Journey towards Mid-fidelity Prototypes:

To visualize my solution as a native app, I started putting my thoughts into pen and paper sketches. I designed a basic structure of my app to visualize flows and CTA’s, and some UI inspirations I could play around with. I did a series of crazy 8’s. With peer feedback, I zeroed down to one idea that I wanted to develop further into mid-fidelity prototypes.

Usability Testing

After the first round of user testing of the mid-fidelity prototype, I made a few visual changes to the app design, such as increasing the font size to make the content accessibility compliant. I also changed the position of the logo to align with a typical user’s mental model. I added a few icons to the overall design to make the app more visually appealing. 

As this app’s task flow requires the user to login later into the app experience, I made a few changes to the information architecture. The aim is to let the user experience a bit more of what the app offers to make an informed decision and then buy the app to unlock all premium features.

Visual Identity

Once I made the required iterations to my mid-fidelity prototype, it was now time to give the app a visual identity.
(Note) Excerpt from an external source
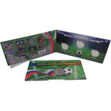 - Описание: Блистерный буклет для памятных монет 25 рублей и банкноты России футбольной тематики. Блистерный буклет для хранения монет выполнен из ламинированного картона, иллюстрированного под определенную серию монет. Ячейки из прозрачного пластика (ПВХ), поэтому Вашу коллекцию можно увидеть с обеих сторон, размер капсулы соответствует диаметру номинала, при размещении, на монету необходимо надавить до щелчка

I started with a mood-boarding exercise to derive my app’s overall mood, primary and secondary colors. I also designed a logo for the app icon and in-app branding inspired by a ‘pocket’ and ‘health’ combined concept.

Moving on, I decided on some font pairings and type-scales for content, along with some button styles in active and inactive states. Organizing everything as per industry standards, I made a UI style guide for the whole app to put the entire visual identity together in one place.

Final Prototype

Once I started working on my high-fidelity prototype, I refined and redesigned a few of my prototype screens from previous feedback I had received. Without a doubt, the colors, the app name, and the logo helped me visualize my own product better, which also streamlined my design thinking further. 

By this point in my project, I had conducted in-depth research on successful competitor profiles globally. I had a fair idea of what a typical user’s mental model looks like on similar platforms. Incorporating that research and some reference illustrations – this final iteration became a more robust app design for my project.